Taking in account condition $$\frac x2 < y < x$$ expressions $f(x,y)$ and $f(x-1)$ exists in the same time if $$\frac x2 < y < x-1,\quad x \in [2,\infty).\tag1$$

Since $$\dfrac x2-n\ln x = \dfrac t2-n\ln t + \left(\dfrac12 -\dfrac nt\right)(x-t) +\dfrac n{2t^2}(x-t)^2 - \dfrac n{3t^3}(x-t)^3+\dots,$$ then $y-n\ln x > g_n(x,t),$ where $$g_n(x,t) = \dfrac t2-n\ln t + \left(\dfrac12 -\dfrac nt\right)(x-t) +\dfrac {3n}{2t}\dfrac{(x-t)^2}{2x+t}.\tag2$$ In particular, $y-\ln x > g_1(x,2),$ or $$y-\ln x > \ln\frac e2 + \frac38\,\frac{(x-2)^2}{x+1},\quad\text{where}\quad x>2,\tag{3a}$$ with the angular coefficient from zero to ${\large\frac38}$ (see also Wolfram Alpha plot).

Plot x/2-ln x >g2(x,2)

The slope $k=g'_2(t) = {\large \frac38 \frac{(t-2)(t+4)}{(t+1)^2}}$ of the tangent line $AB,$ where $A=(0,2)$ and $B=(t,g(t)),$ can be obtained from the condition $g(t) = k(t-2),\phantom{\Big|}$ or $$\ln\frac e2 +\dfrac38 \left(\dfrac{t-2}{t+1}\right)^2(t+1-(t+4)) = 0,$$ with the solution $$t = \frac{q+2}{1-q},\quad k = \frac38 \frac{(t-2)(t+4)}{(t+1)^2},\quad\text{where}\quad q=\frac{2\sqrt{2\ln{\Large\frac e2}\phantom{\bigg|}}}3, \quad \dbinom tk \approx \dbinom{5.279}{0.289\,412}.$$ Then $$\dfrac{y-\ln x}{x-2}\in \begin{cases}\left(\dfrac27,\infty\right),\quad\text{if}\quad x\in(2,\infty)\\ \left(\dfrac27,\dfrac12\right),\quad\text{if}\quad x\in(3,\infty). \end{cases}\tag{3b}$$

Plot x/2-ln x, slopes

Domain of the third condition $$y>x-3\ln x$$ is actual if $x> 3\ln x,$ or $x>u,$ where $$u = e^{-\large W_{\large-1}\left({\large-\frac13}\right)}\approx 4.536\,403\,655,\tag4$$ where $W_{-1}(x)$ is the analytic continuation of Lambert $W$ function (see also Wolfram Alpha solution and calculations).

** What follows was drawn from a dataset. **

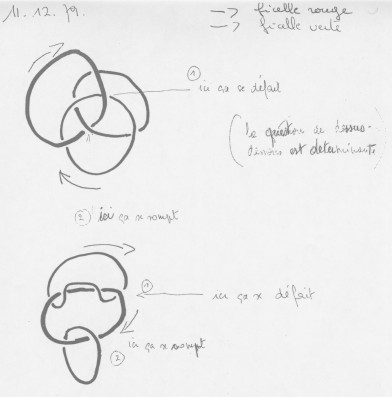 Je vais essayer de vous dire ce que c'est que le noeud Boroméen. Le noeud Boroméen se défait tout seul. Il y a un minimum de trois, il faut en effet pour qu'il puisse se défaire qu'il y en ait trois.

Then $x-3\ln x > 2g_{3/2}(x,u),$ or $$x-3\ln x>\frac{x-u}{2u}\,\frac{(4u-3)(x-u)+6u(u-3)}{2x+u},\quad\text{if}\quad x\in(u,\infty),\tag{5a}$$ with the angular coefficient changing ${\large\frac{u-3}{u}}\approx0.339$ to ${\large\frac{4u-3}{4u}}\approx0.835$ (see also Wolfram Alpha plot).

x-3ln x

Then $$\dfrac{x-3\ln x}{x-u}\in \left(\dfrac{1}{3},1\right), \quad\text{if}\quad x\in(u,\infty).\tag{5b}$$

$\color{brown}{\textbf{Mltiplicative model.}}$

Let us try to search function $f$ in the multiplicative form of

$$f(x,y) = X(x)Y(y).\tag6$$

Taking in account $(1)-(5),$ let us consider the system of conditions in the form of $$\begin{cases} X(x-1)\,Y(y) > X(x)\,Y(y),\quad\text{if}\quad x>2\\[4pt] X(x-1)\,Y\left(y-\ln x\right)> \dfrac{x-1}x\,X(x)\,Y(y),\quad\text{if}\quad x>2\\[4pt] |X(x) Y(x-3\ln x) - \ln x| < \dfrac1{\sqrt x},\quad\text{if}\quad x>u\\[4pt] |X(x) Y(x-1) -\ln x| < \dfrac1{\sqrt x},\quad\text{if}\quad x>u\\ y\in\left(\dfrac x2,x-1\right)\\ y-\ln x \in\left(\dfrac{2(x-2)}7, \dfrac{x-2}2\right)\\ x-3\ln x \in \left(\dfrac{x-u}3, \dfrac{x-u}2\right), \end{cases}\tag7$$ where $u$ is given by $(4).$

Assume $X(x)$ and $Y(y)$ monotonic positive functions.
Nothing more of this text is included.